The time for my first parent-teacher conference arrived a couple of weeks after her tearful confession, and I was becoming seriously alarmed at the depressed state she was continuing to sink into. My husband and I had talked and decided that I needed to find out if her teacher was noticing the changes affecting our daughter. When I told Mrs. Watts what we had observed happening to Cheli, a most unusual thing happened. She began to smile as if she was pleased that I was confiding in her, but she would not allow her eyes to meet mine. Her lips were pressed tightly together and her smile continued to grow until it seemed that the very shape of her face changed and she looked exactly like the Grinch in Dr. Suess’s story.

I blinked my eyes, not willing to believe what I was seeing. Slowly the smile faded back into a normal looking smile, as she shuffled the papers in front of her. Then looking at me for the first time, she reassuringly said “I think I have some ideas that will help Cheli.” I thanked her for any assistance she could give us. She again assured me that she would be working to help Cheli deal with her struggles; then rising from her chair, she politely ended our conference.

Over the next few weeks, I tried hard to dismiss what I had seen as my imagination truly working overtime. I shared what had happened with my husband, and he was just as hesitant to believe me as I was myself. I kept waiting to hear from Cheli that things were getting better at school. I looked for any sign of improvement in her disposition, but things were actually getting worse. By Christmas break, Cheli had become so despondent that she was withdrawing from everyone and was begging us not to make her go back to school.

My husband and I cried out to God for discernment and direction. I kept having the thought that maybe Mrs. Watts was a witch, and that she was out to destroy Cheli because of her witness for Christ. We knew of another child who had been persecuted for his faith in another school in a neighboring city, and his story was similar to Cheli’s.

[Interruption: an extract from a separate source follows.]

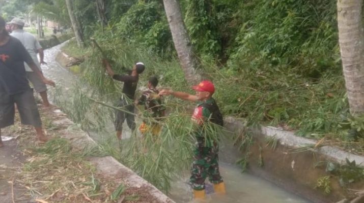 Babinsa Lembah Sari Gotong Royong Bersihkan Irigasi Desa

I shared this with my husband, and we decided to put this idea to the test. We prayed for Jesus to cover Cheli with His blood and to block any spells that Mrs. Watts might be trying to put on her. We asked Him to seal off Cheli from any demonic activity that might be trying to destroy her, and to restore her to her normal self. We prayed this daily all through the Christmas break, and began to see a marked improvement in her disposition.

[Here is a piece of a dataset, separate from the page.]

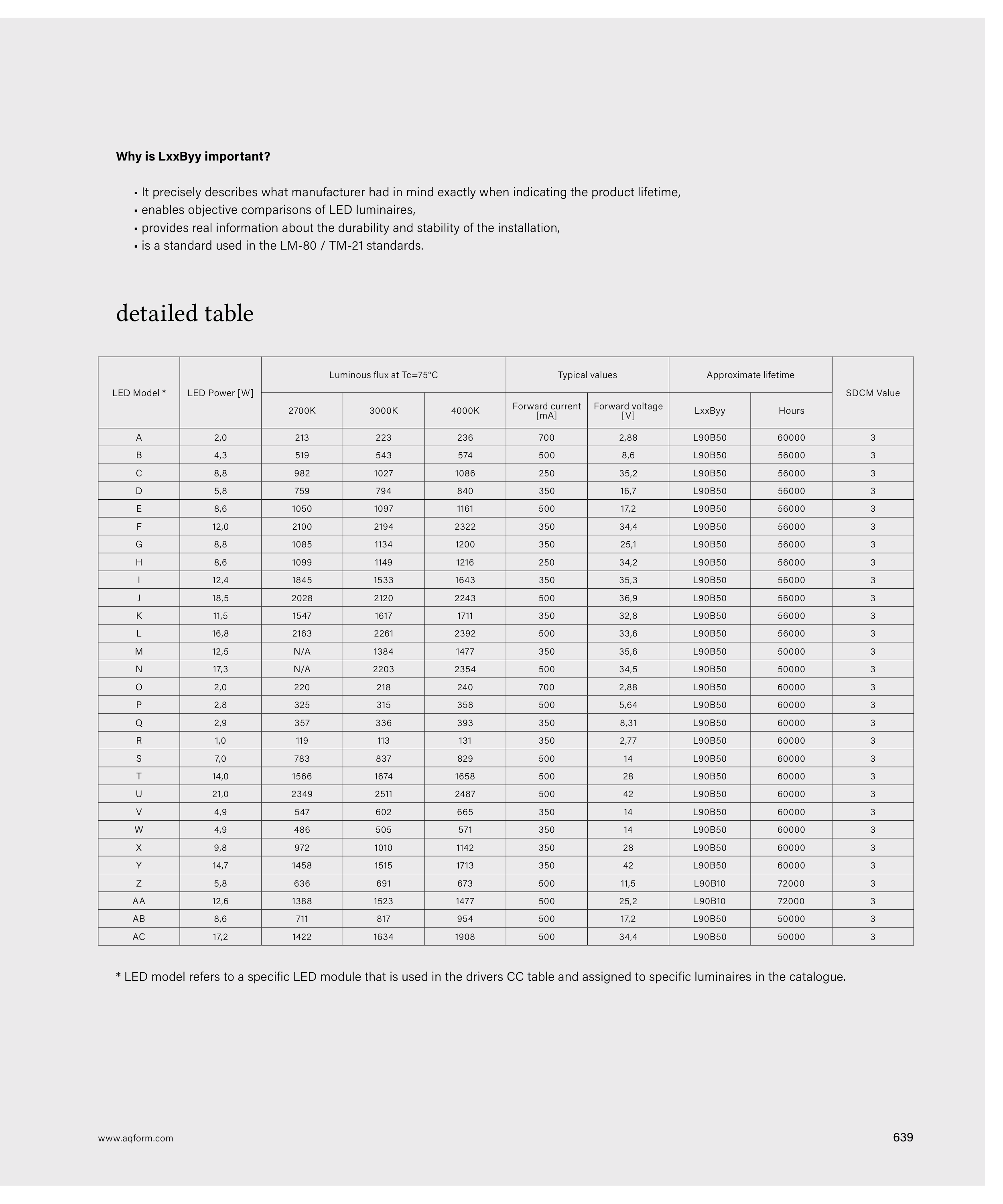 * LED model refers to a specific LED module that is used in the drivers CC table and assigned to specific luminaires in the catalogue.

A week before school began again, we shared with Cheli what we had been praying, and encouraged her to trust Jesus to make everything better for her at school. She reluctantly agreed, and went off to school with a look of fearful anticipation filling her big blue eyes.

The very next day she bounced into the kitchen and announced that she had made a new friend. I held my breath for the next few days as I continued to pray for Cheli’s protection, and waited to see if this new friend was going to suddenly turn on her like all the others had.

The new friend never turned on her, and Cheli continued to make other friends that also never turned against her. Cheli became the happy child she had originally been, and even won first place for the third grade class in the schools annual science fair. Cheli also told me that when Mrs. Watts started to pick on her in class, that the teacher’s assistant, Mrs. Marsh, would ask her to help her do special errands, and would always tell her that she hadn’t done anything wrong and it wasn’t her fault.

For the rest of the school year Mrs. Watts never seemed able to keep her scheduled appointments with me for the quarterly parent-teacher conferences. Every time I scheduled a time to see her, she cancelled the appointment for some frivolous reason. I never did get the opportunity to speak with her again. My son’s teacher told me that she tried to get herself transferred to another school when the school year ended.

It was several years later before Cheli began to understand just what God had done for her during that time, and how earnestly Mrs. Watts had sought to destroy her. She had been thrust into a spiritual battle that the enemy had intended to use to destroy her, but God had other plans.

As a family, we truly learned the meaning of the scripture in Psalm 50, verse 15:

“Call upon me in the day of trouble; I will deliver you, and you will glorify Me.”